What is the Cost of Whole Genome Sequencing?
Long considered prohibitively expensive for widespread clinical implementation, genome sequencing costs have long been seen as one of the main impediments to implementation of this technology. Whole genome sequencing provides the most thorough method to analyze genetics and can shed light on one’s risk for diseases like cancer, heart disease and autoimmune conditions.
For the initial human genome sequence, it cost $3 billion and took several international institutes and hundreds of researchers 13 years. Since then, however, technological advances have made genome sequencing much less expensive; by 2010 high-throughput next generation sequencing could be done for $100,000 per genome – this amount should decrease even further as advances from companies like Illumina, BGI and PacBio enable this price point to decrease to $200 by 2024.

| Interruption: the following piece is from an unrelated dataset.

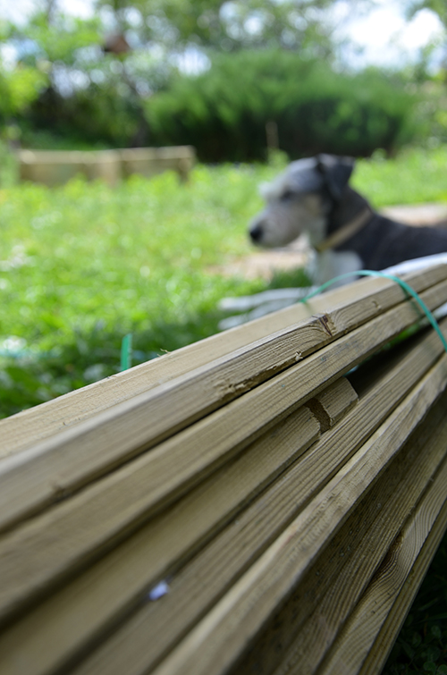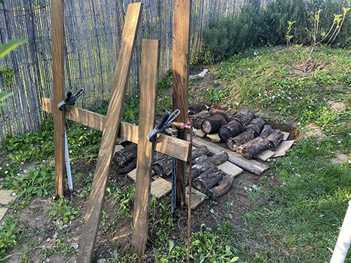 A veteményes helyét 3 hónapig kartonnal takartam, amiket farönkökkel súlyoztam le. A szétszedett fenyődeszkákat pedig újra felhasználtam, méghozzá a földből kiálló vízcsövem takarására.

WGS technology’s low costs have opened the way to medical applications that would not have been possible or cost-effective with older technologies, such as archived and analyzed WGS data for an individual patient over their lifespan, saving both time and money on repeated tests while providing invaluable medical insights.

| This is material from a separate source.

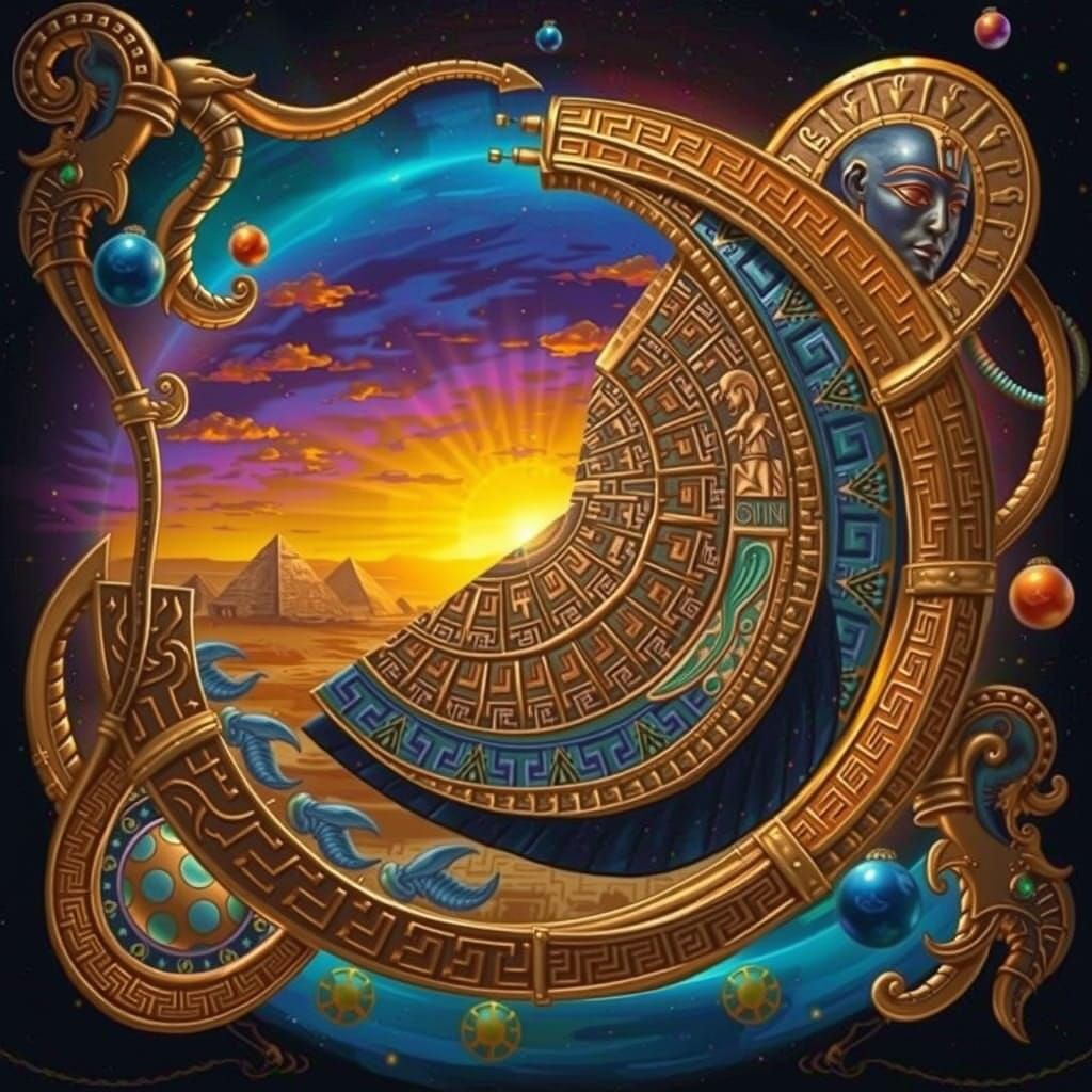 A majestic pharaoh in golden attire stands amidst swirling auroras, evoking ancient Egypt with pyramid silhouettes. The image blends retro-futurism with intricate, mystical details.

CDC scientists can use WGS technology to quickly and accurately gather results that help prevent the spread of infectious disease and improve public health outcomes, such as pinpointing foodborne illness outbreaks by identifying genes responsible for resistance.
As genomics evolves, one chart has become ubiquitous within industry slide decks: that from the National Human Genome Research Institute displaying how genome sequencing costs decreased dramatically between 2001 and 2022 – due in large part to technological advancements like modern high-throughput sequencing methods which have proven superior to Sanger sequencing methods.
Given the exponential expansion of computing power, Moore’s Law seems to be holding true when applied to sequencing costs as well. He predicts that every two years the number of transistors on microprocessors doubles; similarly it seems true for sequencing costs as well.